Preliminary scientific findings announced by the European Union may lead to restrictions on the consumption of certain parts of sheep, goats and venison because of the discovery that mad cow disease, which has ravaged Britain's beef industry, may be transmissible to those animals.

Britain appears to be taking the first steps to dispose of the infected organs of the animals that theoretically could carry the disease, formally known as bovine spongiform encephalopathy.

Agriculture Minister Douglas Hogg is to announce in Parliament today new measures to keep parts of those animals out of the human and animal food chain, a spokesman for his office said Tuesday.

The restriction will include a ban on brains, spinal columns and spleens of sheep, goats and deer, according to reports in British newspapers Tuesday.

The European Union is expected to take up the topic after its veterinary experts discuss the issue.

It was the European Union that inspired the British action, however. Franz Fischler, the European Union agriculture commissioner, said Monday that researchers are finding that the disease can be induced in sheep and other animals in a laboratory by giving them feed that includes ground parts of infected cows.

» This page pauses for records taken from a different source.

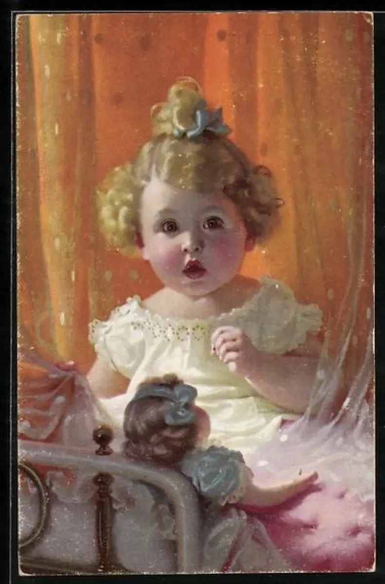 AK Kleines Mädchen mit überraschtem Gesicht und Puppe
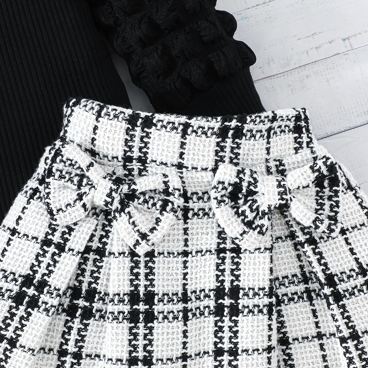 Package included:Toddler girl winter outfit,including 1* top + 1* black plaid skirts.
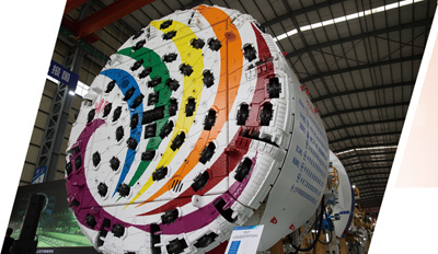 我國自主研制的、在昆明組裝的國內(nèi)最大直徑硬巖掘進(jìn)機“彩云號”,以白色刀盤為底,用橙、黃、藍(lán)、綠、紫五色繪出一幅孔雀圖案。 |
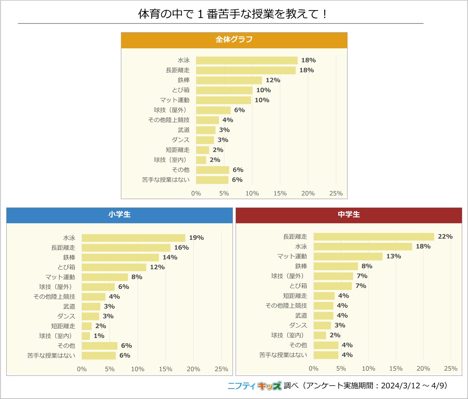 【調査結果】苦手な体育の種目1位、小学生「水泳」、中学生「長距離走」

There are no known cases of humans being affected by eating lamb infected with a form of bovine spongiform encephalopathy, nor are there any known cases of infection outside experimental settings.

In March, when Britain linked the consumption of beef infected with bovine spongiform encephalopathy to the deaths of humans who contracted a similar degenerative brain disease, Creutzfeldt-Jakob syndrome, a panic was ignited that led in March to a ban on the exports of British beef.

It is believed that one cause of mad cow disease was animal feed that incorporated ground parts of lambs that were infected with scrapie, a long-familiar fatal disease affecting the nervous systems of sheep. It does not affect humans.

The latest indication, however, is that there may be further connections and that those are associated with certain organs that harbor the infection.

Hogg issued a statement this morning asserting: "What we are dealing with is a theoretical risk. It has been found that it is possible to transmit BSE to sheep, and therefore, out of an abundance of caution, the various advisers have recommended that we exclude various parts of the carcass, which are not actually eaten anyway."